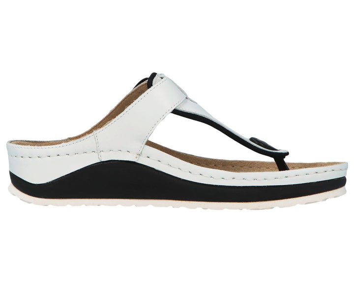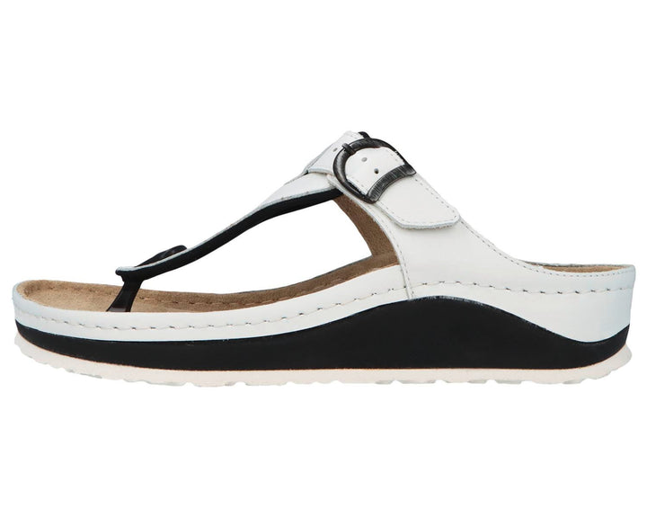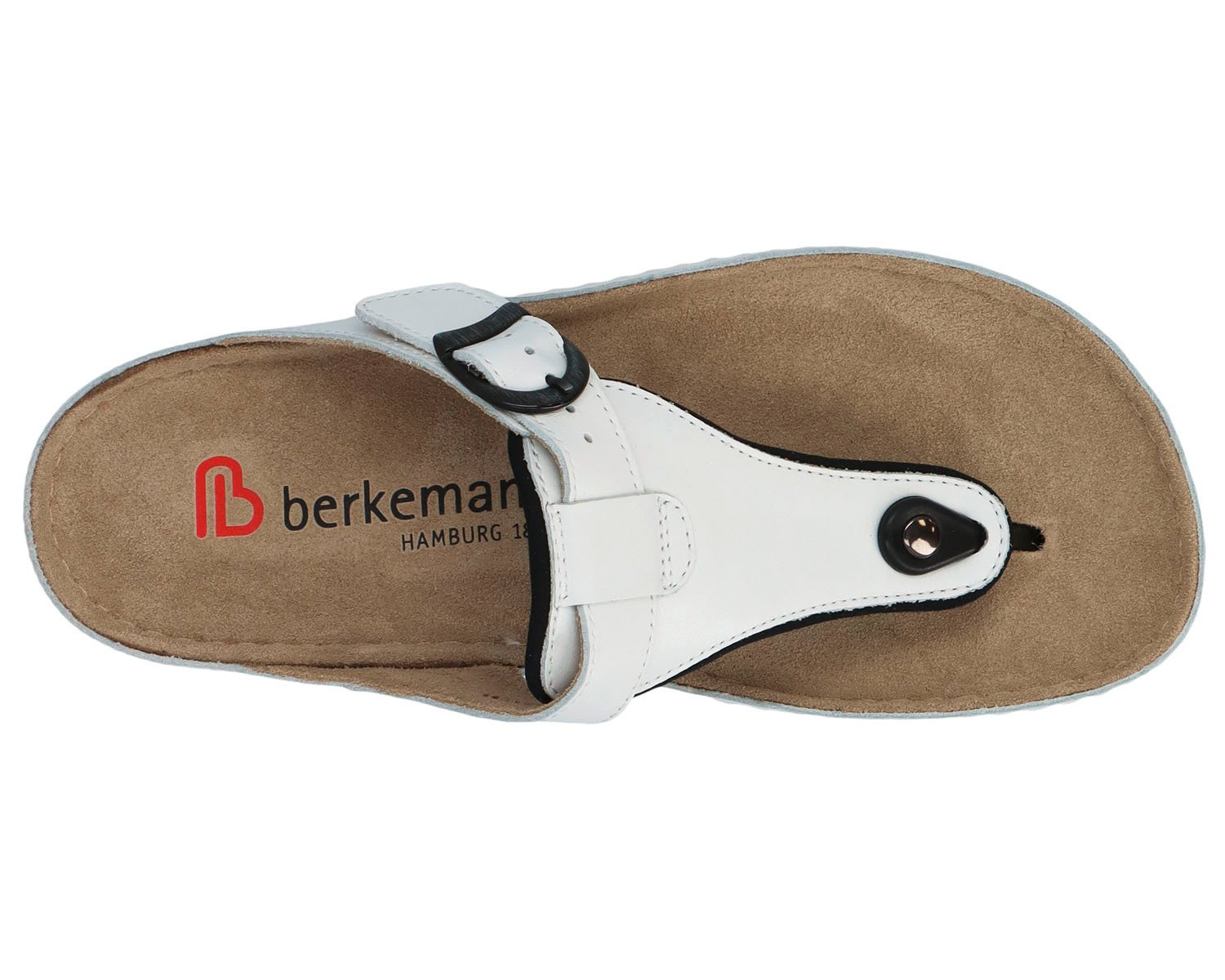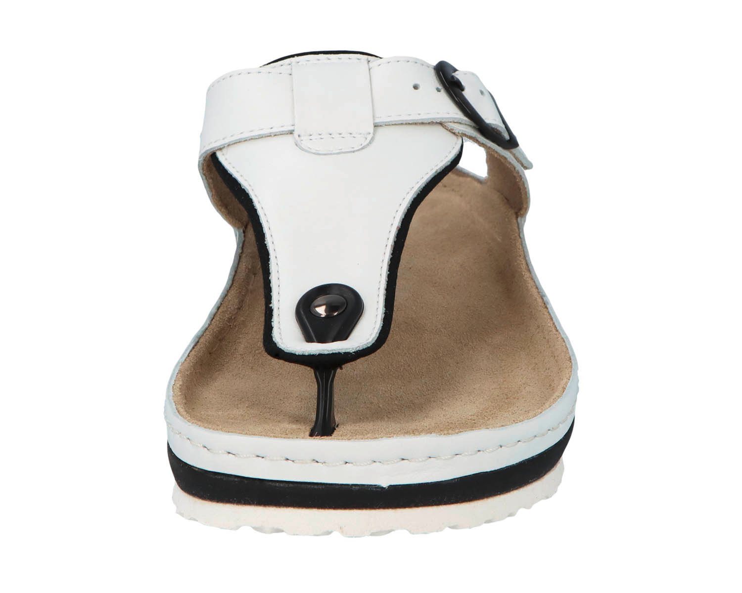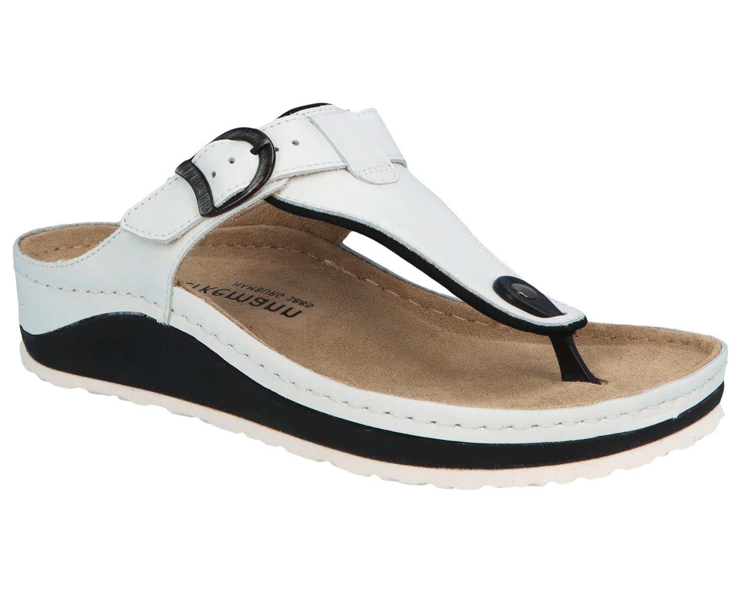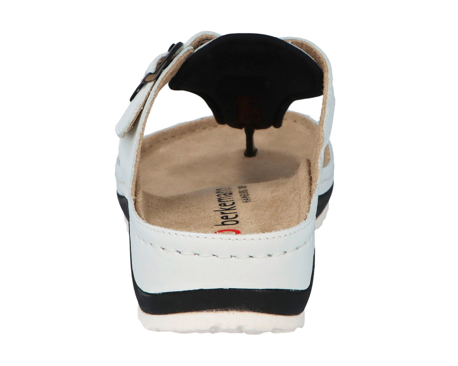Mila thong sandals delight young and old with their youthful, sporty and yet minimalist design. The striking multicolored wavy line on the side and the fastening on the coordinating upper leather create a unique wellness look. But Mila by Berkemann also scores for comfort. The padded real leather footbed, which is extra-deep and comfortably wide, cushions the foot gently, whilst the narrow strap across the instep is easy to adjust and therefore provides the foot with reliable support. Another special comfort feature of this wellness sandal is the tongue, lined with pleasantly soft, neoprene-like material, softly cushioning the instep on every step.
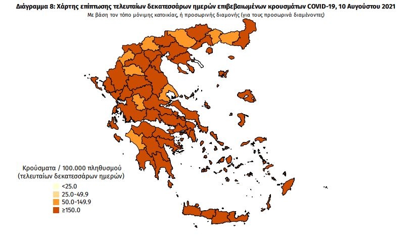 Ημερήσιος αριθμός και κρούσματα ανά 100.000 πληθυσμού επιβεβαιωμένων εγχώριων κρουσμάτων COVID-19 ανά περιφερειακή ενότητα στις 10 Αυγούστου 2021.
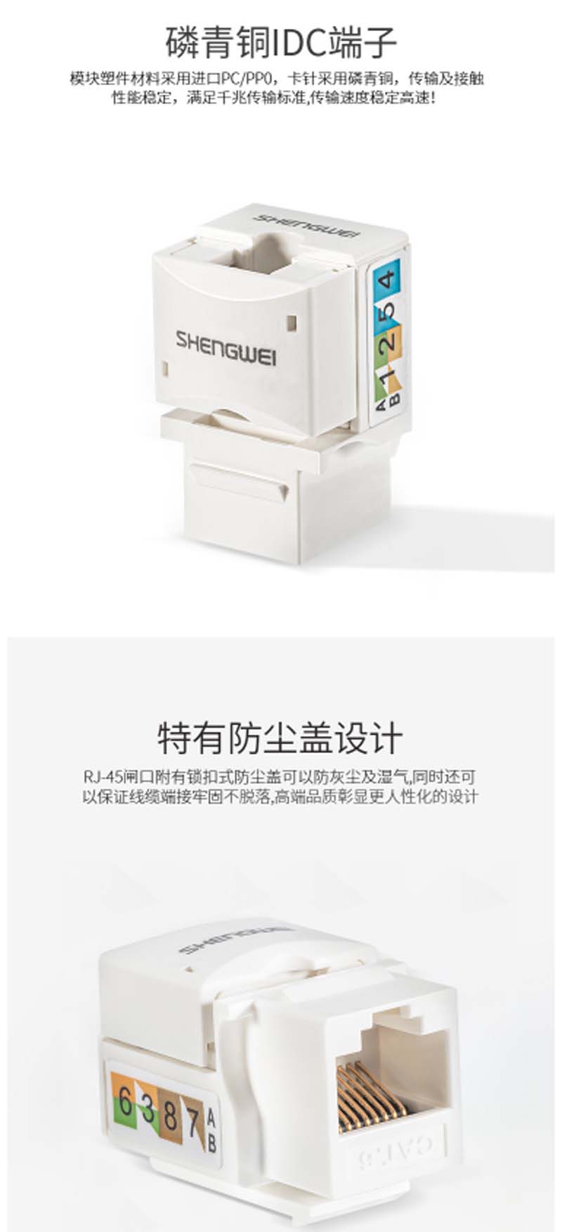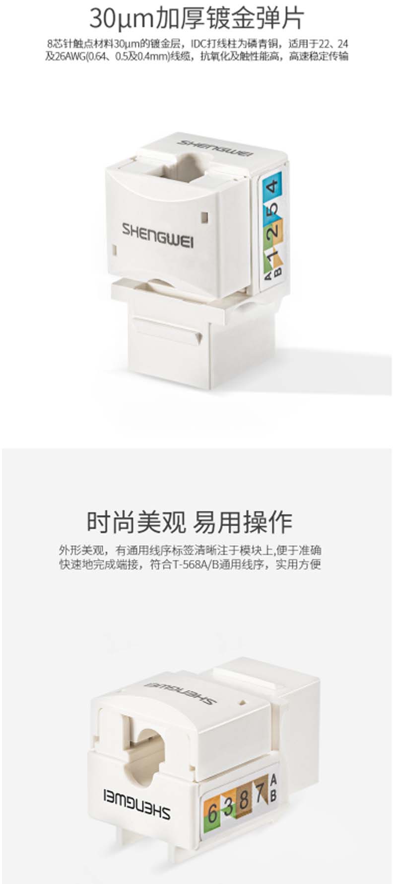 ☆胜为 SHENGWEI SIM-501 超五类网络信息模块 工程级镀金 CAT5E模块 超五类非屏蔽RJ45模块
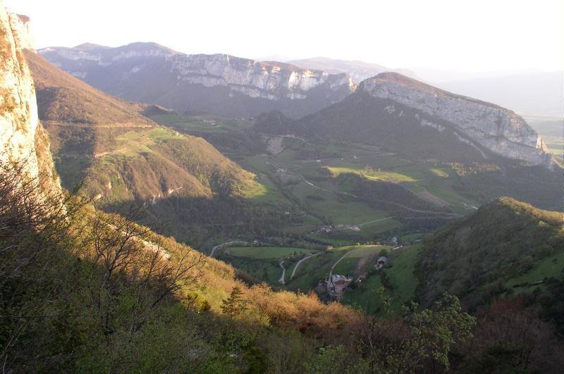 Takto vypadá pohled do údolí od úpatí stěn. Stěny Presles se nad údolím tyčí velmi majestátně, ale není objektiv, který by to z údolí dokázal zachytit. Takhle nějak vypadalo naše místečko na jednu noc.
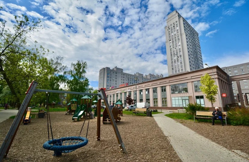 Детская площадка, продуктовые магазины, автосервисы, пункты выдачи маркетплейсов.
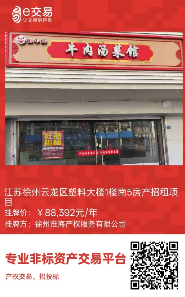 江蘇徐州云龍區(qū)塑料大樓1樓南5房產(chǎn)招租公告
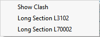 The Show Clash option positions the clash on the centre of the screen. The Long Section option opens the Longitudinal Section Editor and displays a long section of the chosen branch, as well as a symbol indicating the crossing service. |
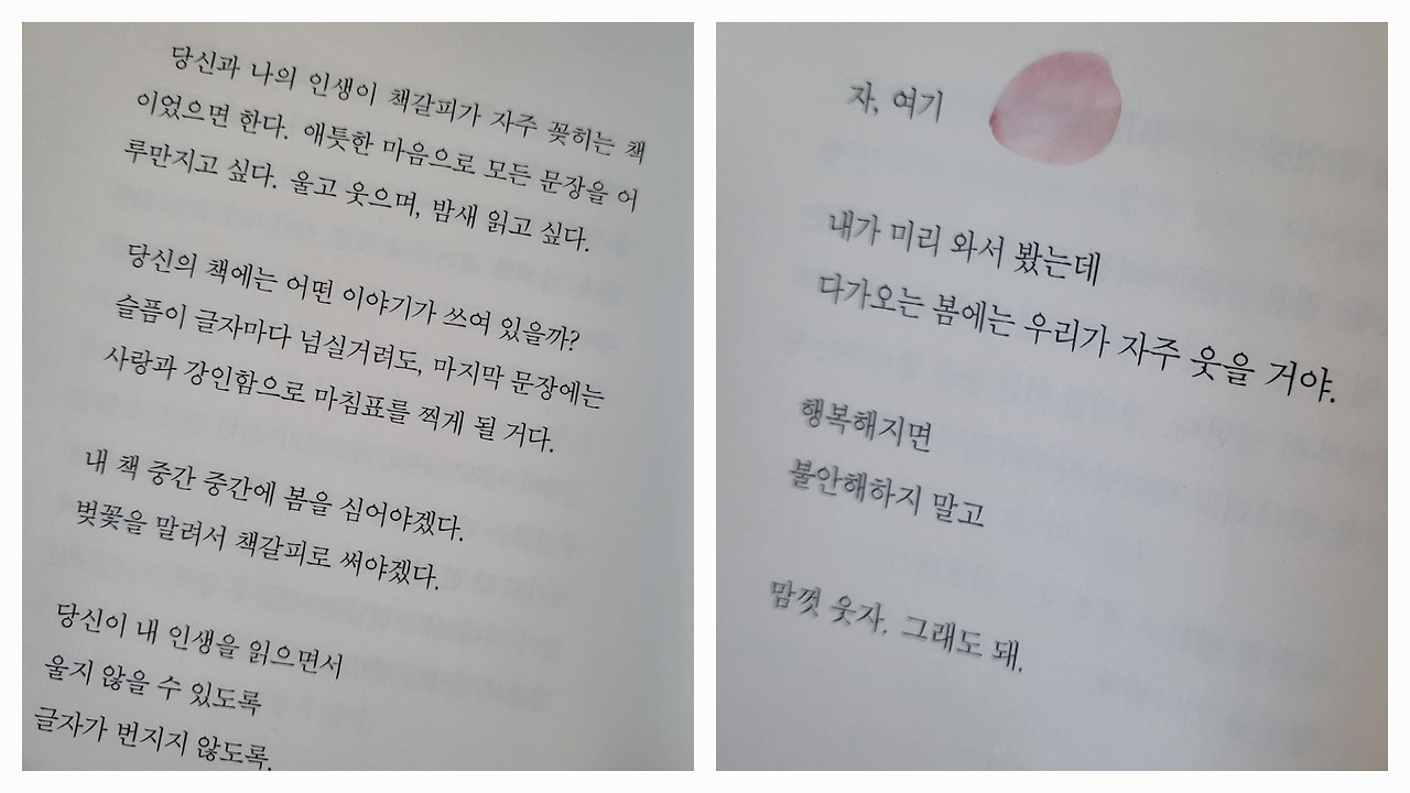 구경만 하려고 간 서점에서 충동적으로 책을 한 권 샀다. 성은 모르지만 나와 이름이 같은 작가님의 책이었다.흔하지 않은 이름 두 글자를 발견했을 때 신기하면서도 이상한 기분이 들어 홀린 듯 책을 집어 들었다. 나와 이름이 같다는 이유 하나로 내용은 제대로 확인도 하지 않고 계산대로 향했다.
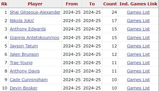 據(jù)統(tǒng)計,這是亞歷山大本賽季第25場比賽至少35分,聯(lián)盟最多,其余人最多17次。
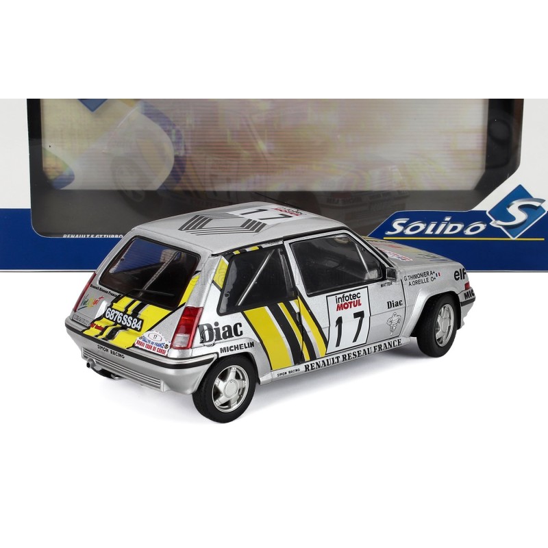 Miniature diecast rally 1/18 de la Renault R5 Supercinque GT Turbo n 17 Team Simon Racing pilotée par Alain Oreille - Gilles Thimonier au Rallye Tour de Corse 1989. Modèle réduit de voiture de rallye Solido S1810005. Catalogue Miniatures automobile Solido 2025. Maquette auto de collection.
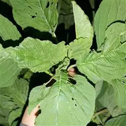 (4)病虫害防治 病害主要有白锈病,该病6月上旬开始发生,高温高湿条件发病重。得病植株叶面出现黄色病斑,叶背形成白色的孢子堆。防治可用50%代森锰锌800倍液,或50%的甲基托布津600倍液,或40%粉锈宁500倍液喷洒。每隔7~10天喷1次,连喷2~3次,防治效果好。虫害主要有蚜虫危害,可用40%乐果1500倍液喷雾防治。
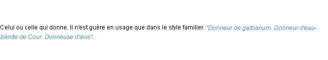 Ancienne signification éditée en 1798 pour le terme « donneur » par l’Académie Française.Merci à Marguerite et Antoine pour la numérisation du mot donneur.
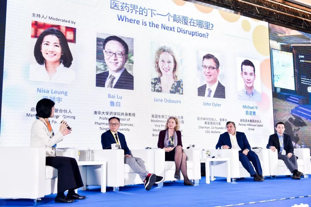 专题讨论嘉宾(从左到右):启明创投主管合伙人梁颕宇女士、清华大学药学院鲁白教授、英国生物工业协会主席,MedImmune研发副总裁Jane Osbourn博士、百济神州创始人、董事长兼首席执行官John Oyler先生、以及高瓴资本合伙人易诺青先生
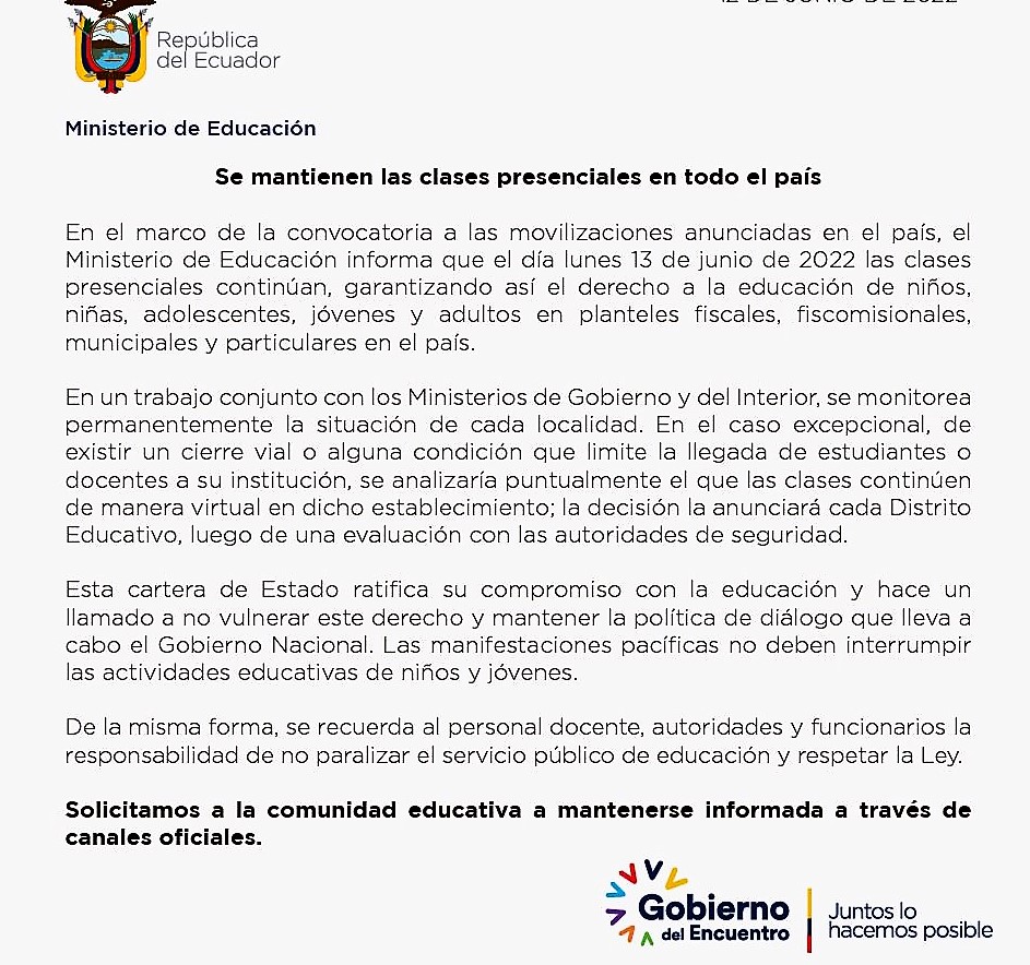 En el marco de la convocatoria a las movilizaciones anunciadas en el país, el Ministerio de Educación informa que el día lunes 13 de junio de 2022 las clases presenciales continúan, garantizando así el derecho a la educación de niños, niñas, adolescentes, jóvenes y adultos en planteles fiscales, fiscomisionales, municipales y particulares en el país.
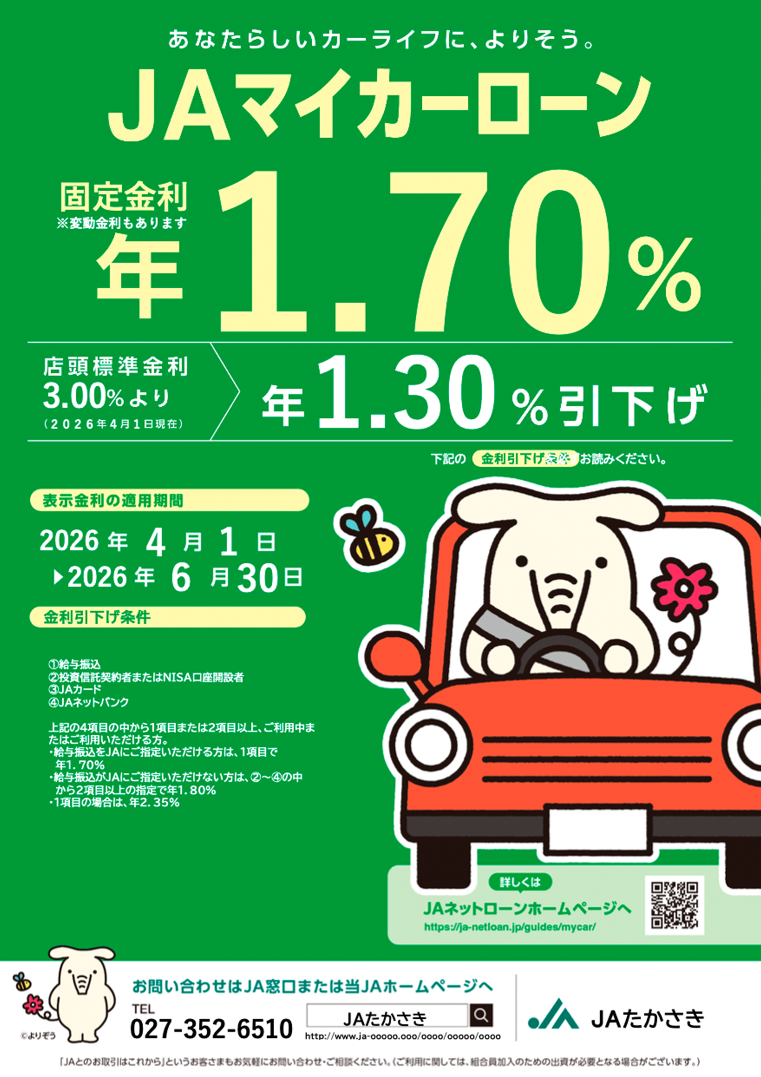 「JAマイカーローン」キャンペーン情報を掲載しました
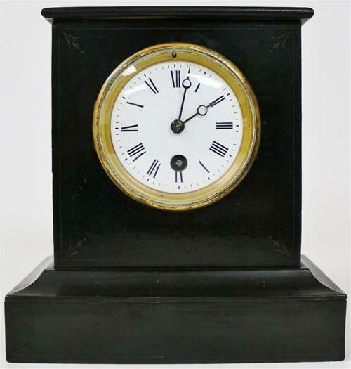 Small Antique 19thC French 8 Day Ebonised Wooden Timepiece Cube Mantel Clock

══════════════════════════════

● Aim of the task
All entries need to be duplicated exactly, apart from the images.

● Answer to the exercise
Mila thong sandals delight young and old with their youthful, sporty and yet minimalist design. The striking multicolored wavy line on the side and the fastening on the coordinating upper leather create a unique wellness look. But Mila by Berkemann also scores for comfort. The padded real leather footbed, which is extra-deep and comfortably wide, cushions the foot gently, whilst the narrow strap across the instep is easy to adjust and therefore provides the foot with reliable support. Another special comfort feature of this wellness sandal is the tongue, lined with pleasantly soft, neoprene-like material, softly cushioning the instep on every step.
 Ημερήσιος αριθμός και κρούσματα ανά 100.000 πληθυσμού επιβεβαιωμένων εγχώριων κρουσμάτων COVID-19 ανά περιφερειακή ενότητα στις 10 Αυγούστου 2021.
 ☆胜为 SHENGWEI SIM-501 超五类网络信息模块 工程级镀金 CAT5E模块 超五类非屏蔽RJ45模块
 Takto vypadá pohled do údolí od úpatí stěn. Stěny Presles se nad údolím tyčí velmi majestátně, ale není objektiv, který by to z údolí dokázal zachytit. Takhle nějak vypadalo naše místečko na jednu noc.
 Детская площадка, продуктовые магазины, автосервисы, пункты выдачи маркетплейсов.
 江蘇徐州云龍區(qū)塑料大樓1樓南5房產(chǎn)招租公告
 The Show Clash option positions the clash on the centre of the screen. The Long Section option opens the Longitudinal Section Editor and displays a long section of the chosen branch, as well as a symbol indicating the crossing service. |
 구경만 하려고 간 서점에서 충동적으로 책을 한 권 샀다. 성은 모르지만 나와 이름이 같은 작가님의 책이었다.흔하지 않은 이름 두 글자를 발견했을 때 신기하면서도 이상한 기분이 들어 홀린 듯 책을 집어 들었다. 나와 이름이 같다는 이유 하나로 내용은 제대로 확인도 하지 않고 계산대로 향했다.
 據(jù)統(tǒng)計,這是亞歷山大本賽季第25場比賽至少35分,聯(lián)盟最多,其余人最多17次。
 Miniature diecast rally 1/18 de la Renault R5 Supercinque GT Turbo n 17 Team Simon Racing pilotée par Alain Oreille - Gilles Thimonier au Rallye Tour de Corse 1989. Modèle réduit de voiture de rallye Solido S1810005. Catalogue Miniatures automobile Solido 2025. Maquette auto de collection.
 (4)病虫害防治 病害主要有白锈病,该病6月上旬开始发生,高温高湿条件发病重。得病植株叶面出现黄色病斑,叶背形成白色的孢子堆。防治可用50%代森锰锌800倍液,或50%的甲基托布津600倍液,或40%粉锈宁500倍液喷洒。每隔7~10天喷1次,连喷2~3次,防治效果好。虫害主要有蚜虫危害,可用40%乐果1500倍液喷雾防治。
 Ancienne signification éditée en 1798 pour le terme « donneur » par l’Académie Française.Merci à Marguerite et Antoine pour la numérisation du mot donneur.
 专题讨论嘉宾(从左到右):启明创投主管合伙人梁颕宇女士、清华大学药学院鲁白教授、英国生物工业协会主席,MedImmune研发副总裁Jane Osbourn博士、百济神州创始人、董事长兼首席执行官John Oyler先生、以及高瓴资本合伙人易诺青先生
 En el marco de la convocatoria a las movilizaciones anunciadas en el país, el Ministerio de Educación informa que el día lunes 13 de junio de 2022 las clases presenciales continúan, garantizando así el derecho a la educación de niños, niñas, adolescentes, jóvenes y adultos en planteles fiscales, fiscomisionales, municipales y particulares en el país.
 「JAマイカーローン」キャンペーン情報を掲載しました
 Small Antique 19thC French 8 Day Ebonised Wooden Timepiece Cube Mantel Clock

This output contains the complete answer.